This post is part of a larger online project that shares the positive and non-violent actions of Indigenous people
in different regions who have focused on
overcoming the negative effects of colonization. The interviewees speak
about the issues they were focused on, the approaches they took,
tools/strategies they used, and they provide some insights about what
they learned throughout the process.
Specific situations may differ, but community members in one region or
country may find that there is something to be gained from reading
the first-hand experiences of people in other Indigenous communities. People who
have initiated some positive change in their own life, their family or
their communities may have something to share with people in
other Indigenous communities who are coming up against a similar challenge.
The interviews are not heavily edited, and this resource is intended to reflect the experiences and opinions of the interviewees as faithfully as possible. The experiences and opinions of interviewees belong to them.

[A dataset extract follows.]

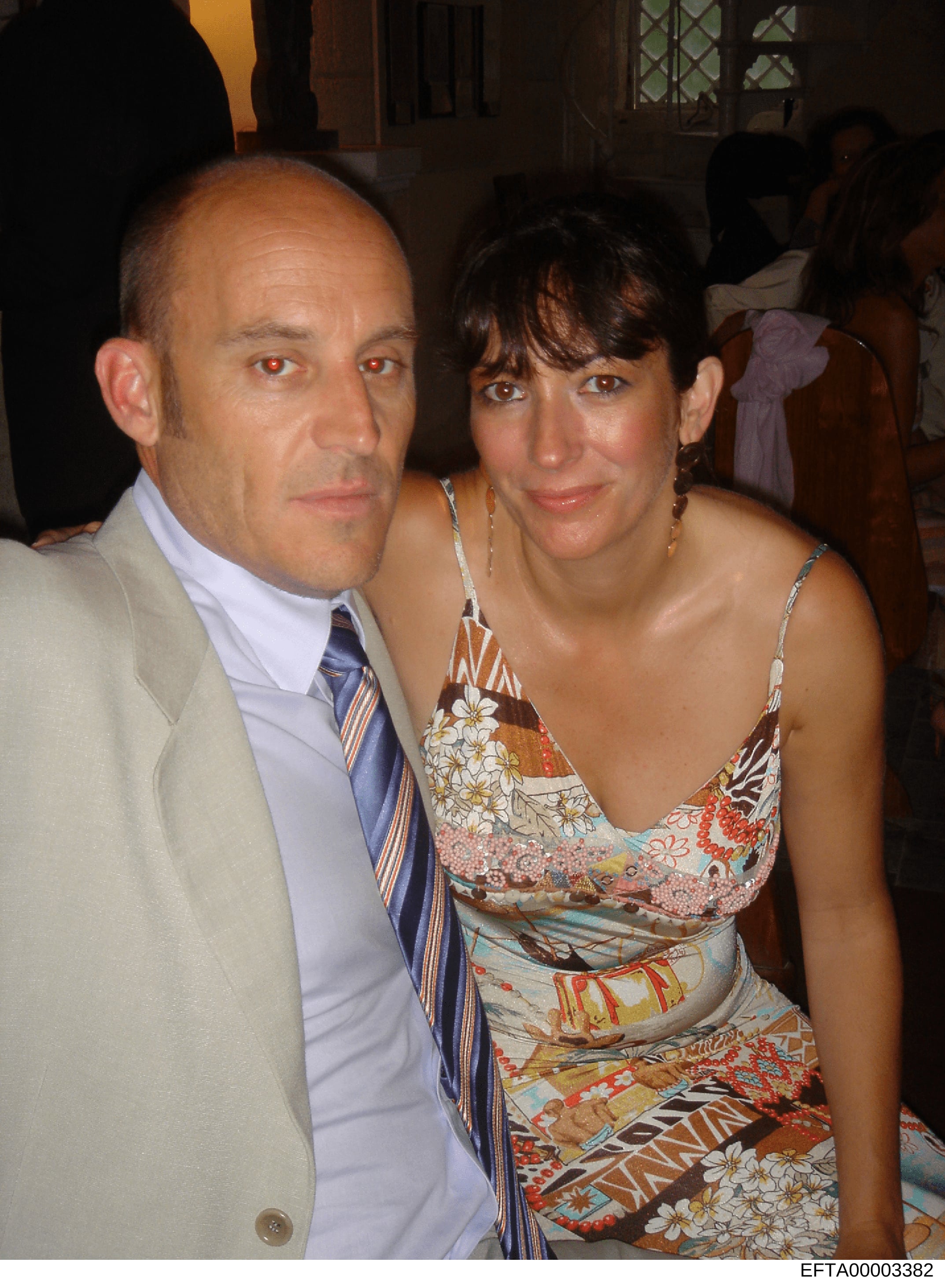 This is a photograph showing two people posing together at what appears to be an indoor social event or gathering. The man is wearing a beige blazer with a light blue shirt and striped tie, while the woman is wearing a colorful patterned sundress. Other people can be seen in the background. The photo is included in the Epstein investigation files but lacks identifying context within the image itself.
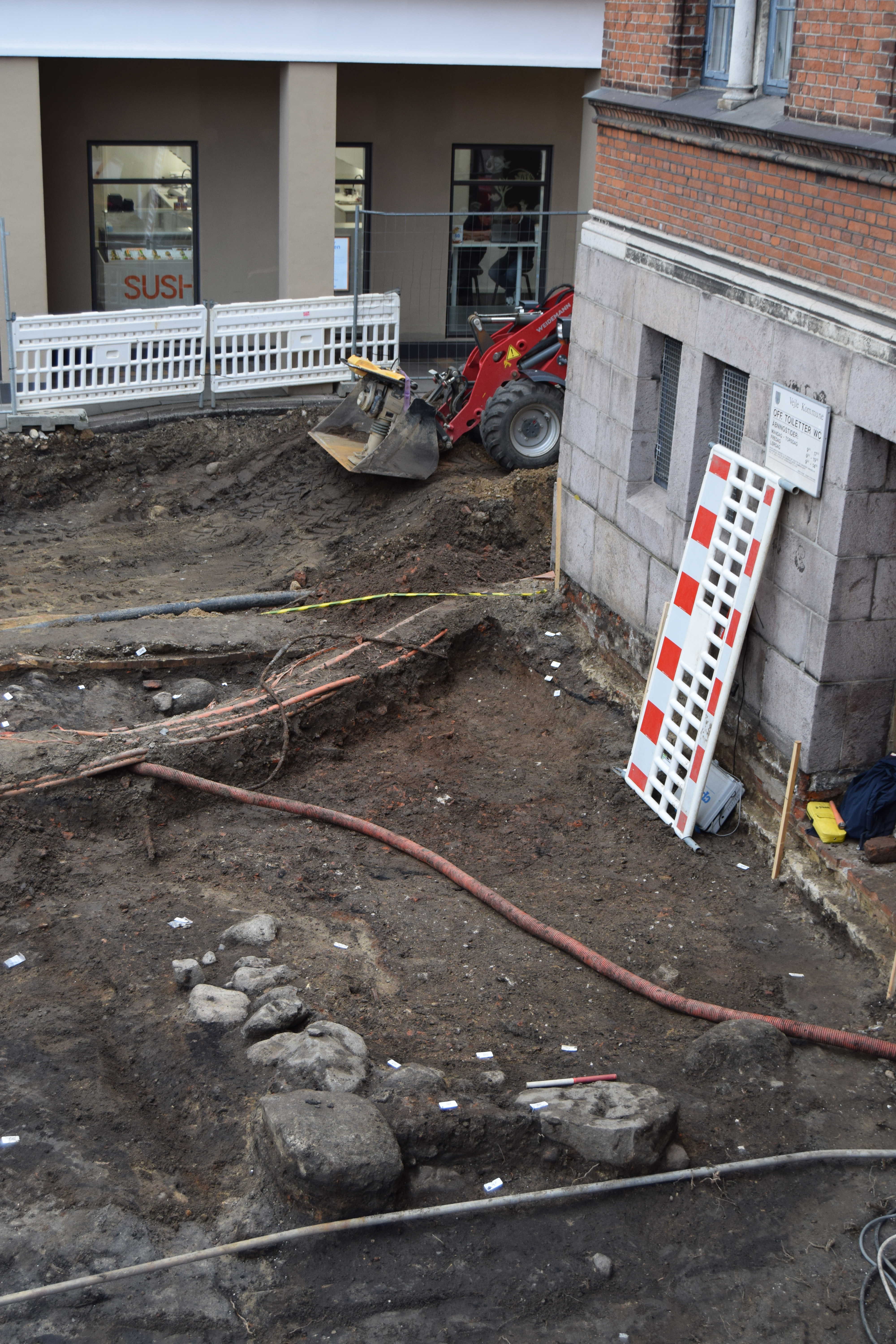 Sammen med piberne er fundet fundamentrester fra et hus. Arkæologerne ved ikke, hvem der har boet i huset, eller hvad der er foregået der, men et kvalificeret gæt er, at der har været en form for udskænkningssted, hvor 1600-tallets vejlensere har kunnet få sig en pibe tobak og et krus øl. Dette underbygges af, at alle stumperne fra kridtpiberne er fundet inden for husets fundamenter og nærmest ingen uden for.

If you have an experience that fits within this project, please email me at info@thelawofpeace.org to set up an interview.
INTERVIEW WITH PAULINE SACKANEY
Name of Interviewee: Pauline Sackaney
Community : Moosonee, Population 2500-3000 , 90%
Indigenous
Geographic Region/Location: James Bay Coastal Region, Northern Ontario,
Canada
Role in Community: Courtworker,
Moosonee Native Friendship Centre, works with Indigenous youth, families
in Court
Age: 49
Age: 49
Consent provided.
Q: This project is a way for people to see how other people have
overcome challenges to improve things in their lives or communities. Can you describe for me something you have done
that improved your life, or your community’s life, or a project you did that
might be interesting for people to hear about?
A: Okay well I think
it started when I was twelve. My sister
and I decided to get in trouble because we were trying to get away from an
abusive home, an alcoholic home. So we had heard friends say that if they got
into trouble they would be sent away. My sister was only one year older. We figured that if we got so many charges then
we would be sent away. So we did. We
ended up going to a place called Cecile Facer - a secure custody facility. We
were both in there and then when were done we didn’t want to leave, but they
said our time was done and we would have to leave! They said that we were the
only ones there that didn’t want to leave because everyone else was crying to
get home. So we asked to be transferred to a group home then because they told
us there was a Native girls’ group home in Sudbury, so we transferred there. Then my sister went on to move to Sault Ste.
Marie. We were split up.
Q: How old were you
then?
A: Twelve turning
thirteen. I stayed in Sudbury for three
years. I stayed in a group home and then
a few foster homes. In one of the foster
homes I met Loretta Okimaw who was my mentor and who was the courtworker at the
Sudbury court. I got to pick up a lot of
stuff from her. I was also in
Residential School so that is part of my whole story too. I went to foster homes, high school in
Sudbury and then I moved back when I was sixteen - actually my sister came to
get me, the one who left. After that I
met my husband.
Q: Back in Moosonee?
Yes, at this point I was 16.
I was able to leave when I was 16 so …So I went back home and I stayed
with my husband and we too had children at a young age. I had my son when I was 17 going on 18 and we
were drinking and stuff like that.
However, we didn’t drink when he (our child) was in the home. My mom looked after him at her house. We were starting to get into the same
problems our parents used to have, you know…start to ….it was abusive at first,
and then he changed pretty quick because I was going to leave. Everything turned around after that, when I
was going to leave. Well I did leave a few times. But then I went back and nothing ever
happened again, but we continued to drink! So then we had our second son 9
years later and we were still, still drinking….A few years after that there was
a job posting in a newspaper, in Wawatay (newspaper), looking for Victim
Witness Advocacy Worker for Thunder Bay for NAN Legal. My husband brought the newspaper home because
he was working at the airport at the time.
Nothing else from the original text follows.